An item analysis takes each item, or question, on the test and gives you a variety of statistics regarding the answers chosen by the students. The item analysis allows you to evaluate a question and decide whether to use it on future tests. An item analysis of tests is available in either short or long form. Either long-form or short-form produces an item analysis report, a difficulty index distribution, and a discrimination index distribution.

The short form item analysis reportgives information for the overall class and covers the information listed below. The short form item analysis report also offers one statistic not found on the long form: point-biserial correlation.

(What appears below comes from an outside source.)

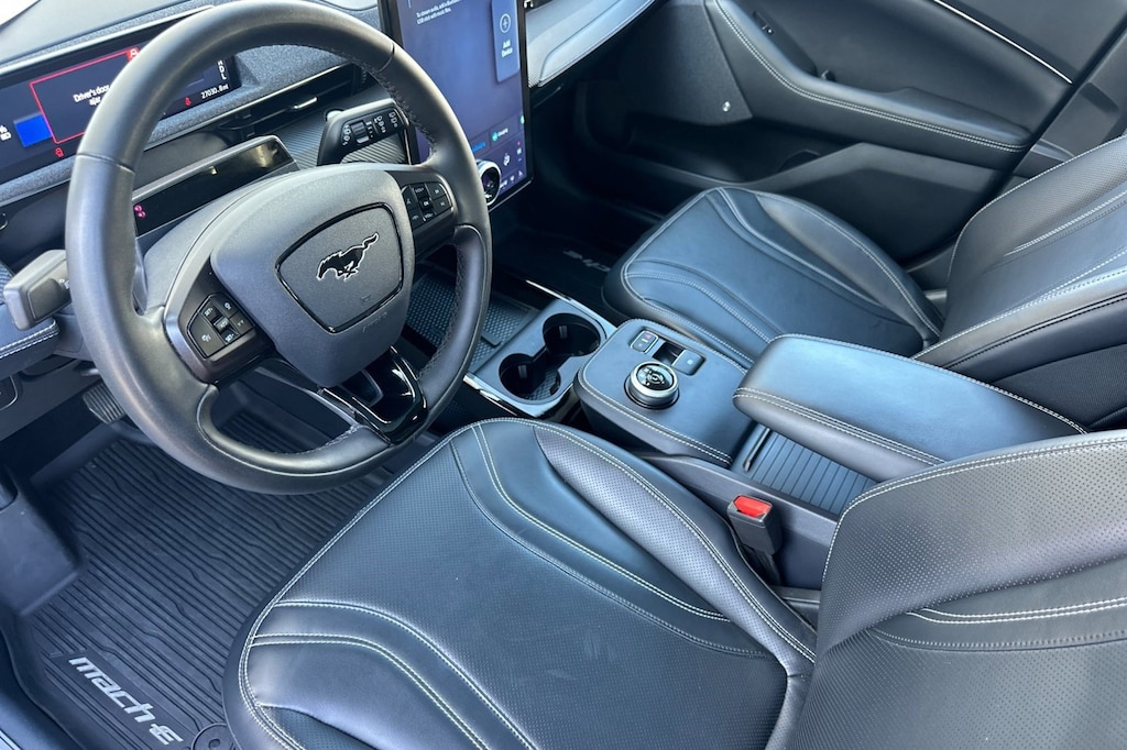 The Mach-E Premium is not just about performance---it's also about comfort and sophistication. Step inside, and you're welcomed into a spacious, modern cabin with high-quality materials and a sleek, futuristic design. Supportive seating provides excellent comfort for both driver and passengers, while the versatile cargo space makes it practical for everything from errands to road trips. With its clean, minimalist layout, the interior emphasizes both function and style.

Sample Short Form Item Analysis

Item:

This refers to the question number on the answer sheet, which corresponds to the question number on the test.

Correct:

The correct response as entered on the key is shown in this column. When multiple correct responses are marked on the key, up to three answers will be displayed. Thus, if A, B, C, and D are correct only A, B, and C will be displayed.

Frequency/Percentage:

For each possible response to the item, the frequency and percentage is printed. The frequency is the number of people who chose each response, while the percentage represents the percentage of the total group who chose each response. The “Omit” heading represents the number of students who did not answer the question.

Validity:

Validity is also known as the discrimination index. The validity for an individual item (i.e. question) compares two groups of students: those who scored in the top part of the class and those who scored in the bottom part. The value is calculated by subtracting the fraction of the bottom who answered correctly on the question from the fraction of upper who answered correctly.

The range of possible values is –1.0 to 1.0. If an item carries a high validity, it means that overall, high scoring individuals (i.e., those with high scores on the total test) answered the item correctly while low scoring individuals tended to miss the question. Therefore, a question with high validity has a high correlation with the total test score. If one considers the total test score to be a better indicator of a student’s knowledge, then the higher the relationship between the item and the total test, the more valid the item.

There are a number of factors to consider when examining an item’s validity. In contrast to standardized entrance exams, classroom tests often contain some items that discriminate poorly. For example, it may be an instructor’s intention to begin a test with several easy items in order to put students at ease or to establish a baseline. In cases where everyone answers a question correctly, the item validity is zero. However, it may be desirable to keep the item anyway.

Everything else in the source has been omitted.